--- EXERCISE DESCRIPTION ---
Repeat the lines below exactly as they appear, but leave out the images.

*** Opening DATA SECTION ***

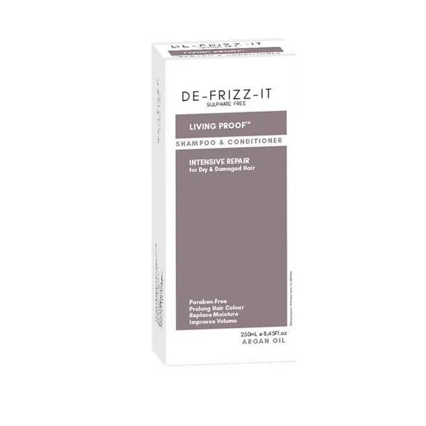 A box set containing the De-Frizz-It Shampoo and Conditioner treatment.
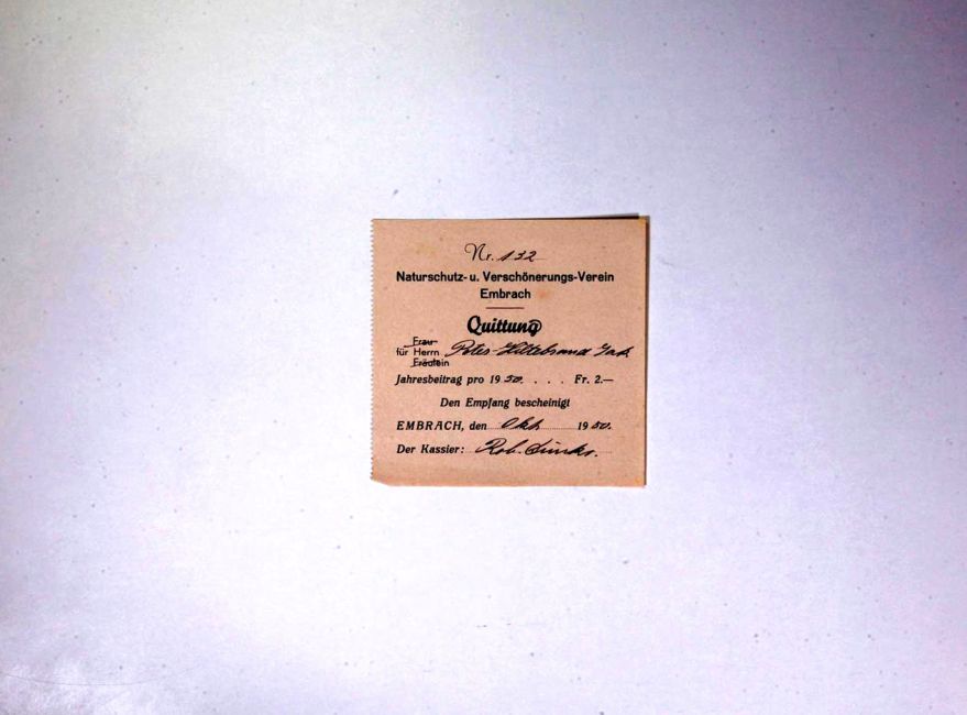Naturscgutz- und Verschönerungsverein. Jahresbeitrag. Kassier Robert Dünki. Quelle: Familienarchiv Peter.
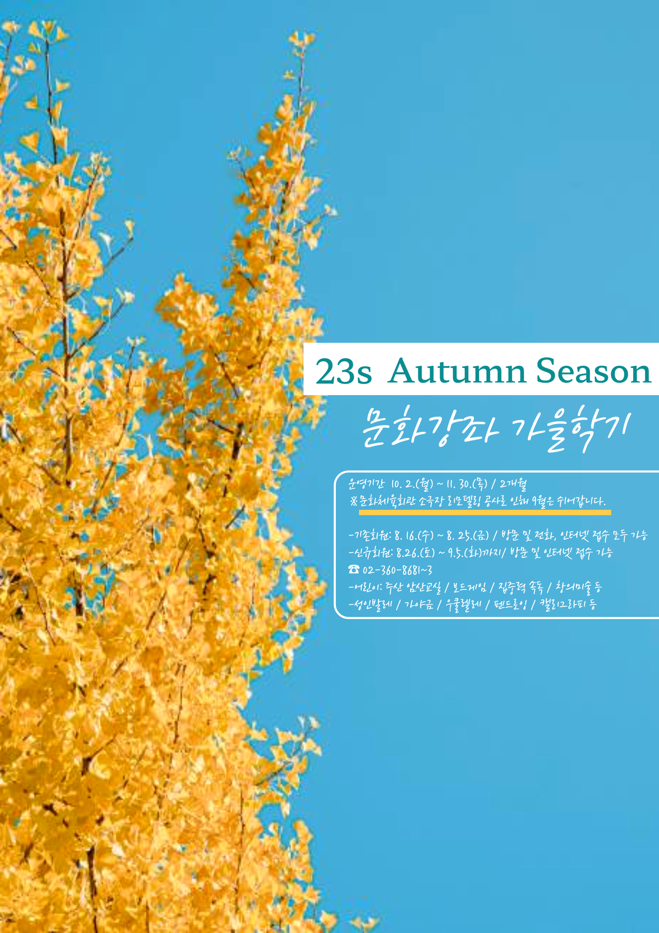 서대문구도시관리공단 문화체육회관 가을학기 문화강좌 접수 안내
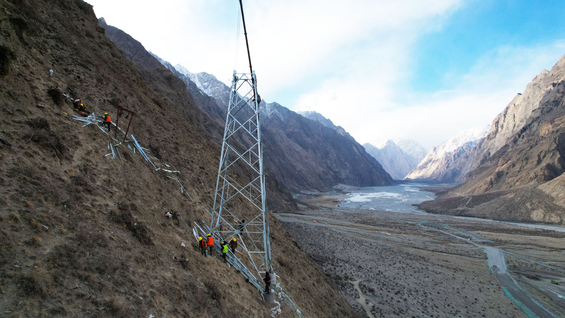 3月17日,在G219线昭苏至温宿公路建设配套工程西天山隧道出口110千伏输变电建设现场,施工人员在悬崖峭壁间开展电力铁塔组装作业,拼接、吊装、组塔等一气呵成。

*** Closing DATA SECTION ***

--- WRITTEN REPLY ---
 A box set containing the De-Frizz-It Shampoo and Conditioner treatment.
Naturscgutz- und Verschönerungsverein. Jahresbeitrag. Kassier Robert Dünki. Quelle: Familienarchiv Peter.
 서대문구도시관리공단 문화체육회관 가을학기 문화강좌 접수 안내
 3月17日,在G219线昭苏至温宿公路建设配套工程西天山隧道出口110千伏输变电建设现场,施工人员在悬崖峭壁间开展电力铁塔组装作业,拼接、吊装、组塔等一气呵成。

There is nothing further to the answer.